El ser humano desde los primeros años de su vida adquiere la habilidad
para comunicarse y todo lo que esto implica: el mejor momento de
hablar, cuándo debe callar, con quién hablar, con quién no… esta comunicación, y saber cómo usarla, ha posibilitado la construcción de las sociedades. Es evidente que sin lenguaje y sin la comunicación no hubiera podido darse la sociedad humana, el lenguaje es fundamental en las relaciones humanas y en cualquier otra especie en la tierra. Incluso, podríamos pensar que el lenguaje complejo propio de ser humano constituye realidades y visiones del mundo.
Para cada generación humana el lenguaje y la habilidad para comunicar
han sido parte del constructo social. La influencia de esto en la vida humana es innegable. El poder comunicarnos nos representa y nos orienta…, constituye patrones y los reafirma. El ser humano se muestra y se cambia a sí mismo.
La habilidad para comunicar expresa la esencia humana, esa identidad
general de la propia vida, el sentimiento, la emoción, la razón. El hombre, desesperadamente, intenta entender y que lo entiendan; en esa eterna obsesión del hombre de apoderarse del sentido, reflexiona en base a una ilusión que se manifiesta como propulsor de cambio.
El hombre aprovecha cada sentido para expresar cualquier sensación,
sentimiento, o argumento, no escatima, unificando los sentidos y las artes para conmocionar y remembrar el error, para que estos permanezca en las mentes pero no en las acciones. El lenguaje reafirma la trascendencia y el ciclo: persistir eternamente, constituir nuevos algoritmos. Hay que leer un libro, o ver cine, ver esa pantalla superflua que muestra sustancias con la intención de hacer este mundo algo mejor. El lenguaje siempre, evidentemente, quiere cambiar los ciclos, cambiar el mundo.
El lenguaje y la comunicación intentan cambiar para trascender, para
entenderse, no hay comunicación sin reflexión, sin que el hombre se piense a sí mismo. Es una reflexión aunada de los sentidos, lo que lo hace completo, integro. Y aunque usualmente se hable solo de la visión y el oído, la comunicación también implica aromas, sabores y olores. La reflexión se alía con quien expresa y a quien se le es expresado algo empatizando estrechamente por medio de cada sentido.
El lenguaje y el comunicar son un truco y una magia. Como un
ilusionista, comunicar es una mentira hecha realidad, una creación. Tal mentira (o creación) irrumpe en nuestra segunda gran obsesión: ser Dios. El lenguaje crea a partir de mentiras.
El lenguaje nos hace creadores de nosotros mismos en conjunto, pues
Dios no puede ser más que imaginarios de un grupo, que se relacionan. El lenguaje nos hace divinos porque concebimos la ilusión trascendente de varias mentes.

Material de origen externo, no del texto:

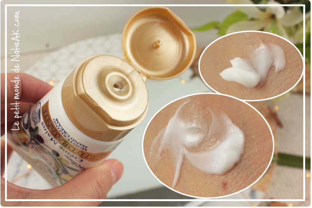 Cette crème mains se présente dans un tube souple opaque muni d’un capuchon à clapet. Son format permet une bonne prise en main et la praticité du fermoir une utilisation facile et rapide. Le packaging similaire au lait corporel me plaît toujours autant !

Comunicarse es el arte de las apariencias y las fantasías, por ello, es
capaz de decirnos cómo la realidad misma se constituye como una construcción ideológica, social o simbólica. En este sentido, la ficción del lenguaje es más real que la realidad misma. Para entender el mundo de hoy necesitamos del lenguaje; en él encontramos esa dimensión crucial, que advierte que no estamos listos para confrontar en nuestra propia realidad.
Si todo es mentira, si hay mentiras aceptadas por todos para no
volvernos locos, mentiras aceptadas por todos para que no se permita a nadie acercarse a la locura. Mentiras que aseguran la permanencia de un orden, mentiras que nos acarician a diario, y la mentira de cada uno que es cada mundo personal, individual, cada uno desde su máscara; si todo es mentira, todo puede ser verdad. Crear verdades desde la mentira habitual, eso permite la comunicación, crear ideas porque dice, argumenta, expone, o como mínimo plantea una cuestión desde la mentira, es decir desde una narración inventada, desde la ficción. Pero es una mentira porque, desde luego, hemos partido de la nada. Ya cuando los seres empezaron a comunicar empezaron a crear.